_TASK TO COMPLETE:_
Write out an exact copy of the line containing "- Bases - Sourdough" and all lines that follow it in the data below, leaving out pictures.

_PROVIDED ENTRIES:_
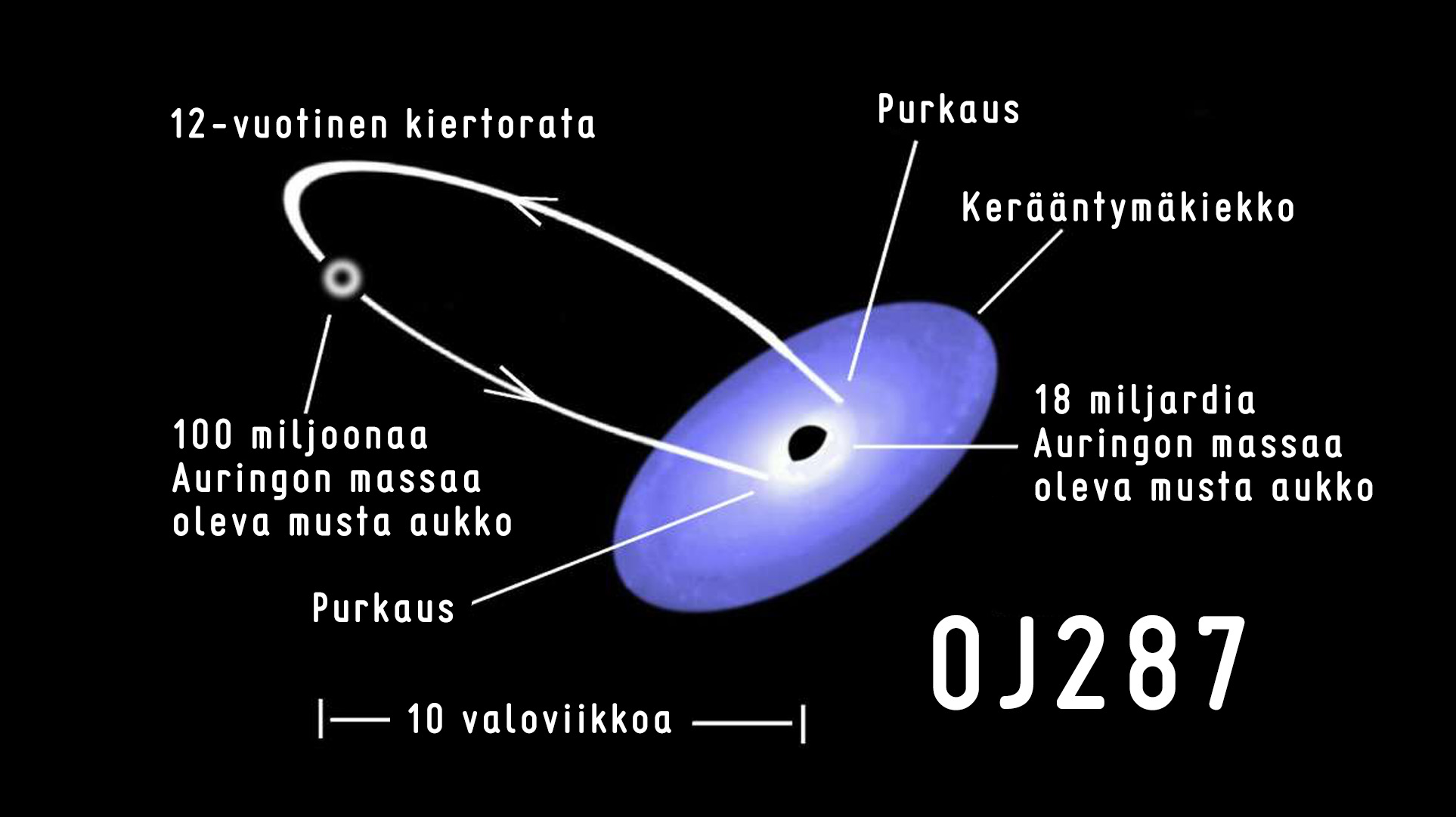OJ287 on itse asiassa 3,5 miljardin valovuoden päässä meistä Sisiliskon tähdistössä oleva galaksi. Sen keskellä on massiivinen musta aukko, jolla on pienempi seuralainen, myös musta aukko, jonka liikettä tarkkailemalla suuremman mustan aukon ominaisuudet selviävät.
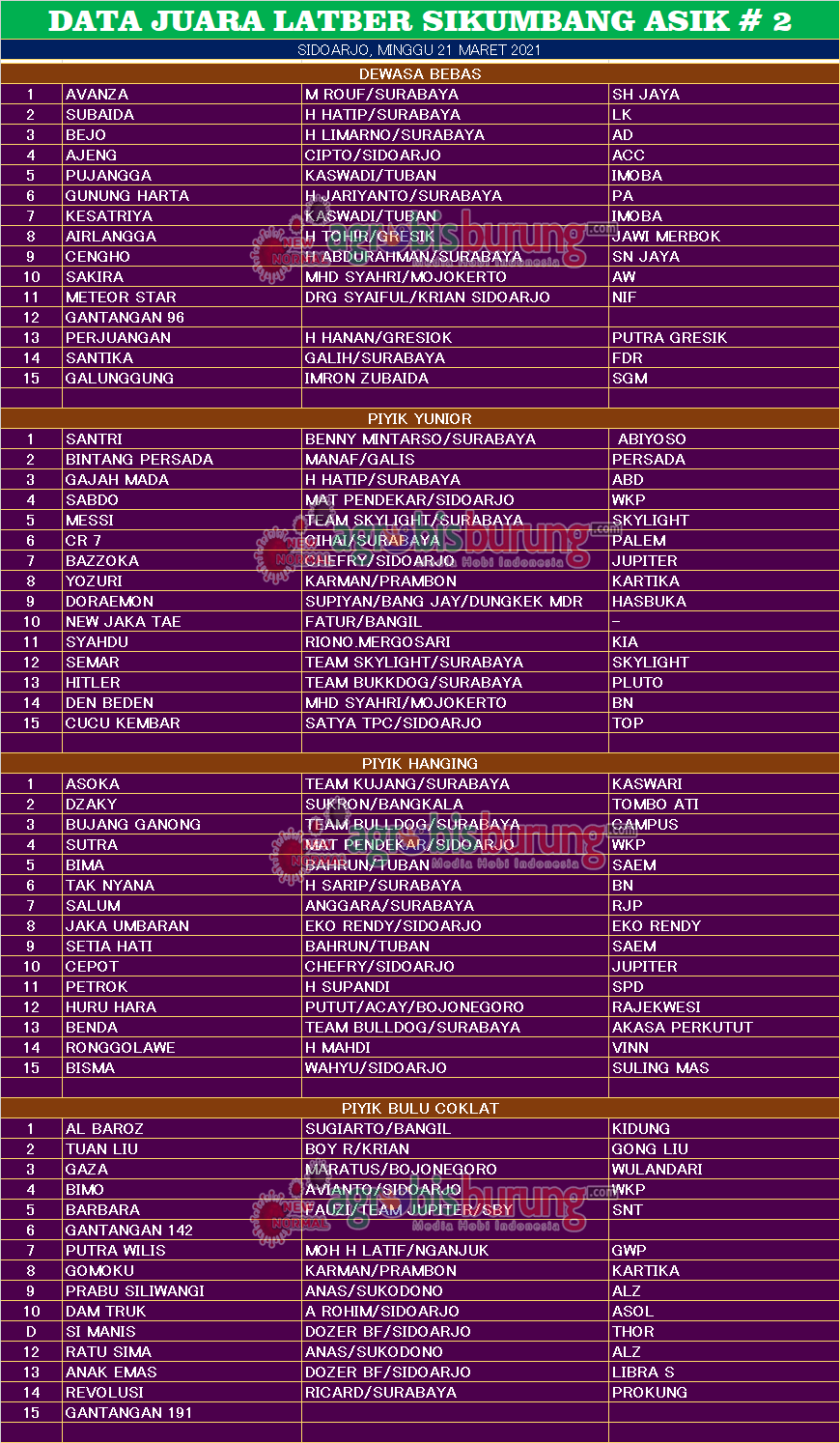 Headline Hobi Burung Juara Organizer Perkutut Perkutut Profil Data Juara Latber SIKUMBANG ASIK # 2 di Pilang Sidoarjo, Minggu 21 Maret agrobisburung 21 Maret 2021 Data Juara Latber SIKUMBANG ASIK # 2 di Pilang Sidoarjo, Minggu 21 Maret Tinggalkan Komentar SIDOARJO, agrobisburung.com – Data Juara Latber SIKUMBANG ASIK # 2 di Pilang Sidoarjo, Minggu 21 Maret Tinggalkan Komentar Post navigation Previous: Data Juara Perkutut New Makita Cup di Semarang, Minggu 21 MaretNext: Golden Boy & Jaguar Tampil Menawan di Latber Cilacap Barat More Stories Headline Perkutut Profil Nunu Depok “Turun Gunung” Langsung Borong 5 Pasang K-Unggulan WAT BF Tasikmalaya, H. Pendi Nadira Jakarta Jebol K-WAT Brahmana & BDB BF Lombok Jebol K-WAT Raja Ampat agrobisburung 13 Januari 2026 Headline Juara Perkutut Jawara Bandar Jawa 1, Boxer & Joko Tarub Melejit ke Podium Utama Di Latihan Dinilai Pengcam Pengantenan Pamekasan agrobisburung 12 Januari 2026 Headline Juara Perkutut Jawara Gading Asmara & Cah Samin Berkuasa Dikelasnya di Latihan Dinila Pengda Bojonegoro agrobisburung 11 Januari 2026
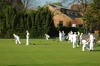 a bowling game played on a level lawn with biased wooden balls that are rolled at a jack
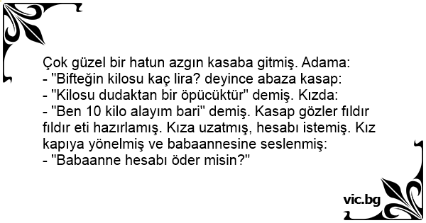 - "Bifteğin kilosu kaç lira? deyince abaza kasap:
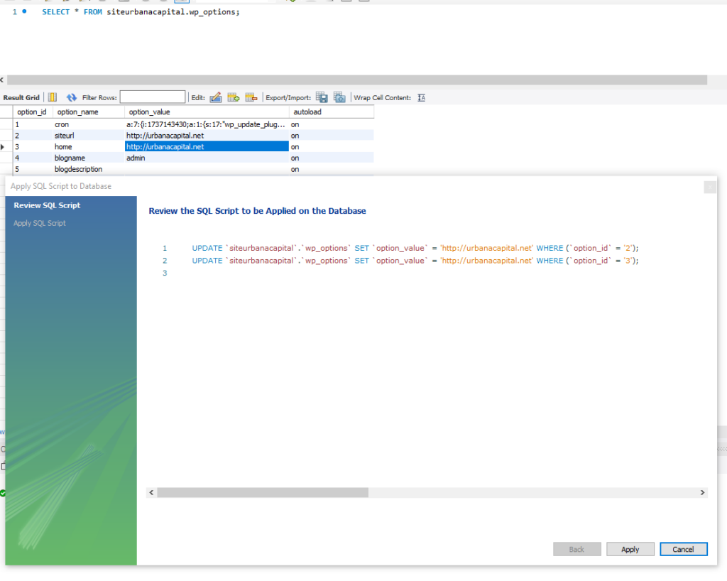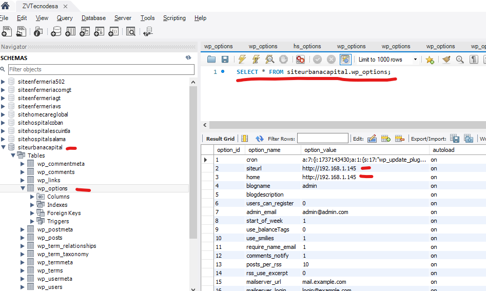 3- Ingresar a la base de datos y modificar en la tabla wp_options los links de conexión
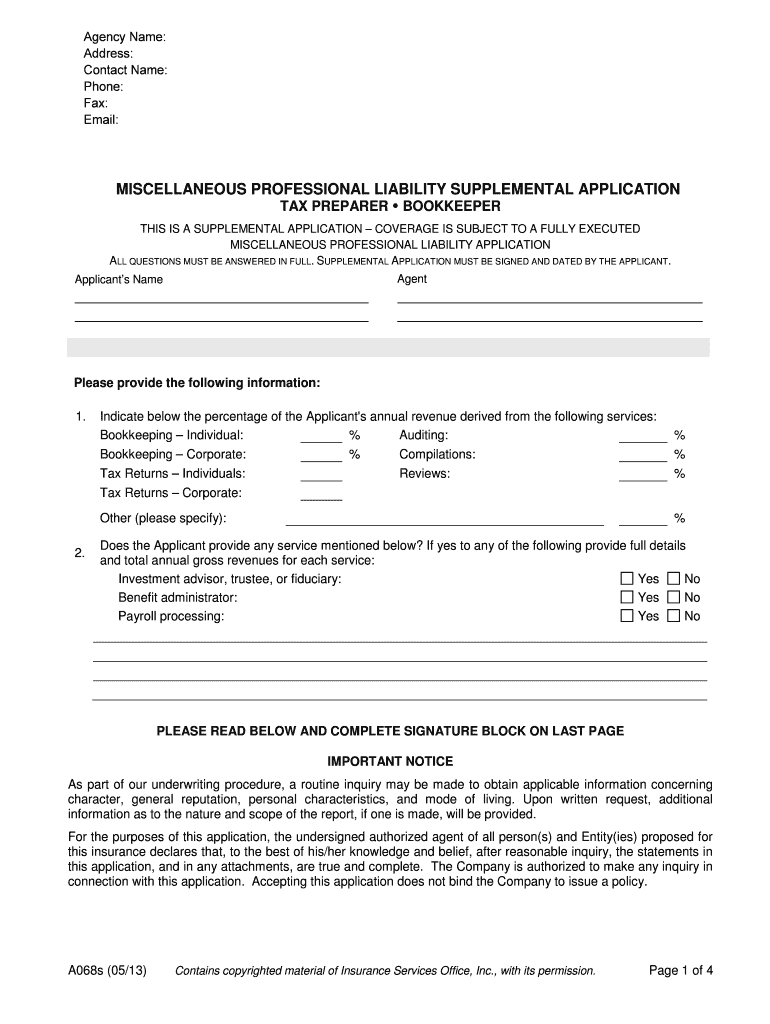 Agency Name: Address: Contact Name: Phone: Fax: Email: MISCELLANEOUS PROFESSIONAL LIABILITY SUPPLEMENTAL APPLICATION TAX PREPARER BOOKKEEPER THIS IS A SUPPLEMENTAL APPLICATION COVERAGE IS SUBJECT
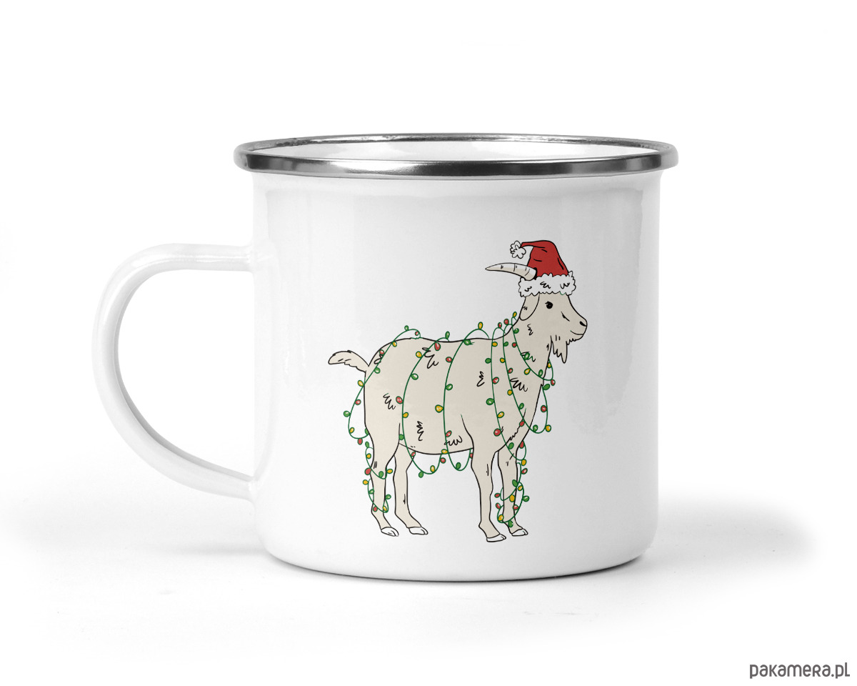 Emaliowany kubek wraz z grafiką widoczną na zdjęciach.
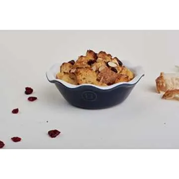 Show moreDiscover the artistry of French culinary craftsmanship with the Emile Henry HR Ceramic Mini Pie Dish, elegantly designed in a striking twilight hue. This exquisite dish has been expertly crafted in France since 1850, ensuring a blend of tradition and modern performance that creates an exceptional baking experience. Made from all-natural materials and high-fired Burgundy clay, this mini pie dish boasts superior heat retention and even heat diffusion, thus keeping your savory pies and sweet desserts delectably warm right on your table for longer periods. With the ability to withstand oven temperatures of up to 520°F, this versatile dish effortlessly transitions from the oven to the broiler, microwave, and even from the freezer, allowing you to create and serve your culinary masterpieces with ease and style.
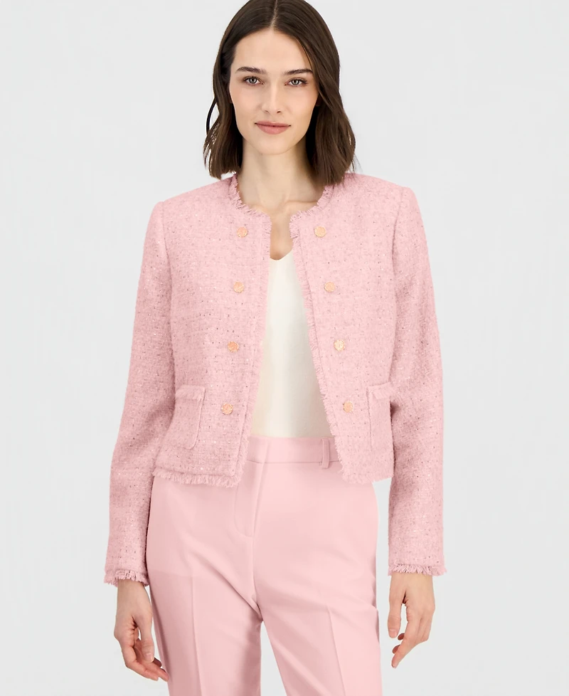 Tahari Asl Women's Fringed Boucle Cropped Jacket
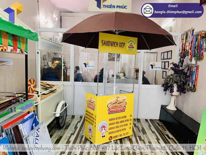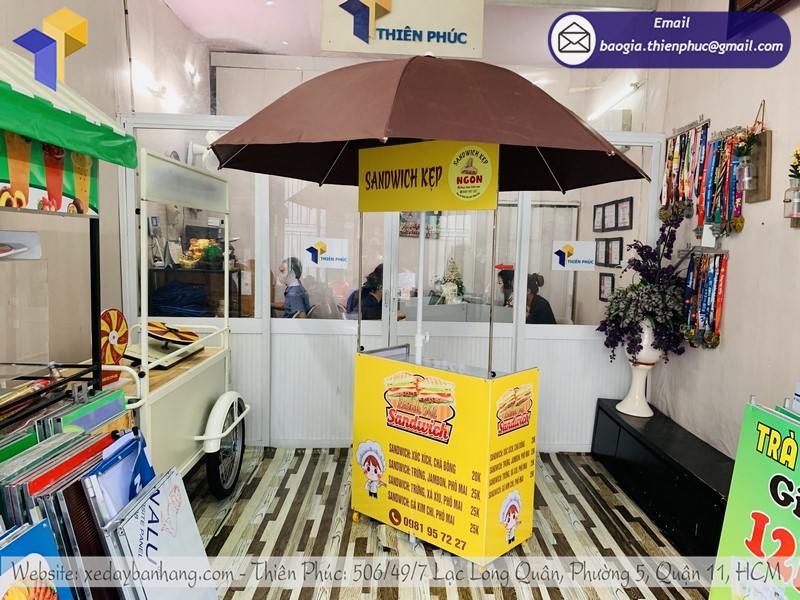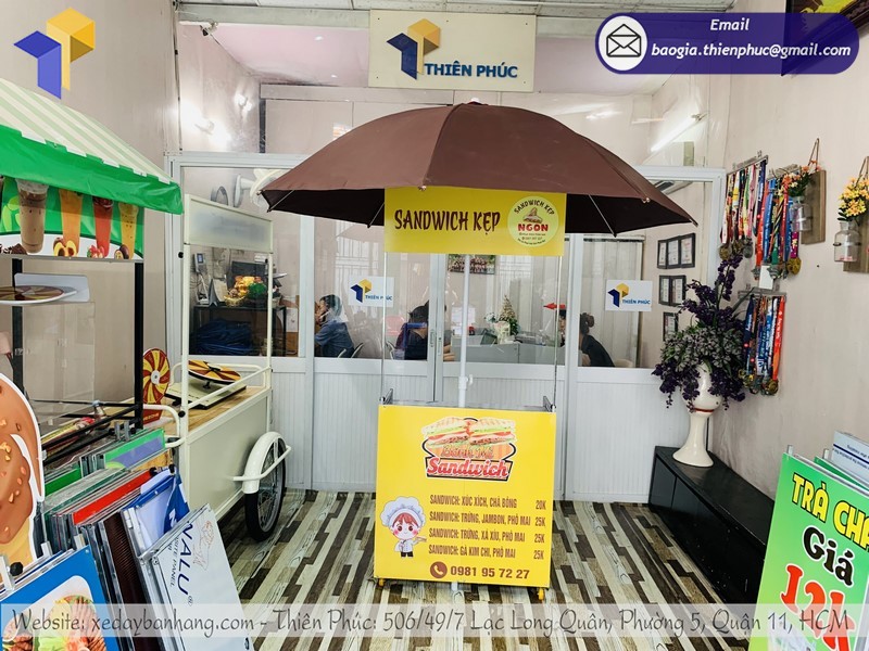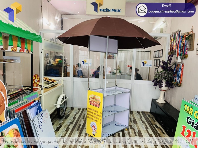Thiên Phúc là nơi cung cấp các giải pháp thiết kế và thi công xe đẩy bán hàng. Đồng thời, cũng là thương hiệu xe đẩy bán hàng được nhiều người tin dùng và sử dụng. Ngoài ra, con nhận gia công theo nhu cầu và mong muốn của khách hàng. Chúng tôi luôn đặt tiêu chí “sự hài lòng của quý khách là niềm tự hào của chúng tôi”. Tại Thiên Phúc có vô vàn mẫu mã đa dạng, giá cả phù hợp; chất lượng và uy tín trải dài khắp 64 tỉnh thành với hệ thống vận chuyển xuyên suốt 3 miền với thời gian nhanh nhất.
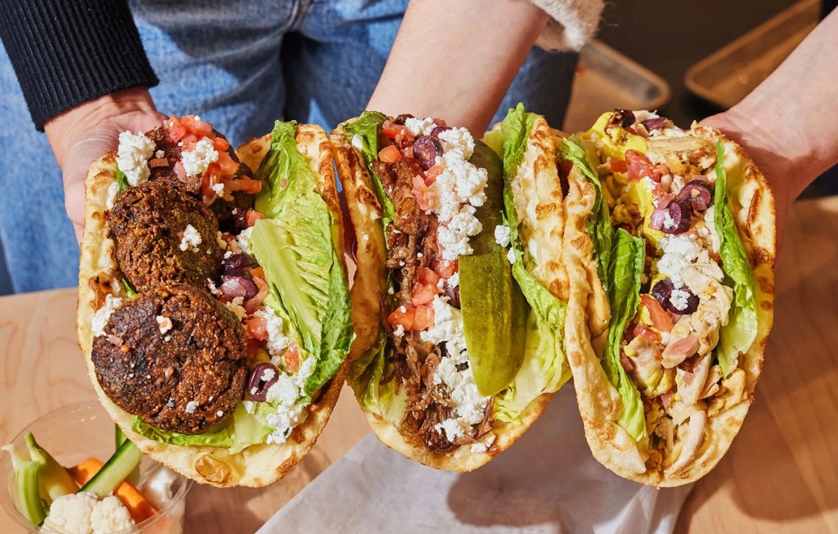 - Bases - Sourdough pita pocket, Greek or grain bowls, or chopped Greek salad with marinated chickpeas and feta
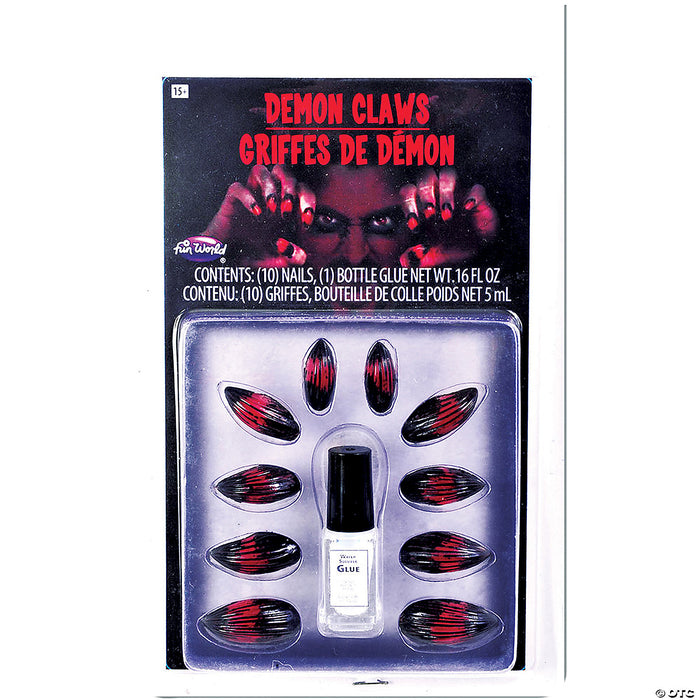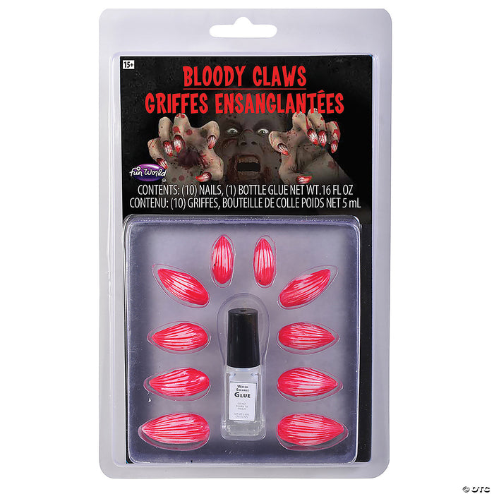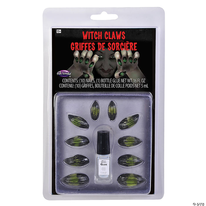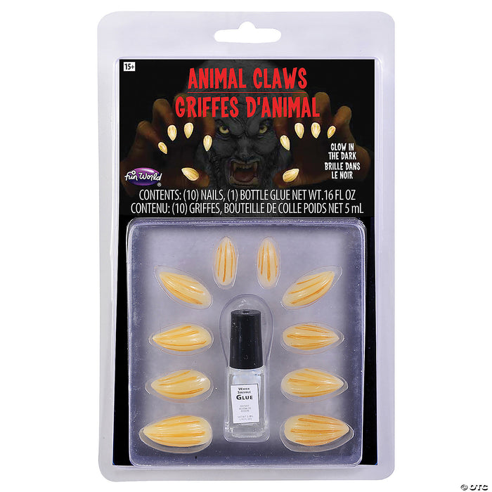 Fun finishing touch to your Halloween ensembles! Glue-on Claws Kit comes with 10 false nails and a 0.16 oz. bottle of water-soluble glue.

_WRITTEN RESPONSE:_
 - Bases - Sourdough pita pocket, Greek or grain bowls, or chopped Greek salad with marinated chickpeas and feta
 Fun finishing touch to your Halloween ensembles! Glue-on Claws Kit comes with 10 false nails and a 0.16 oz. bottle of water-soluble glue.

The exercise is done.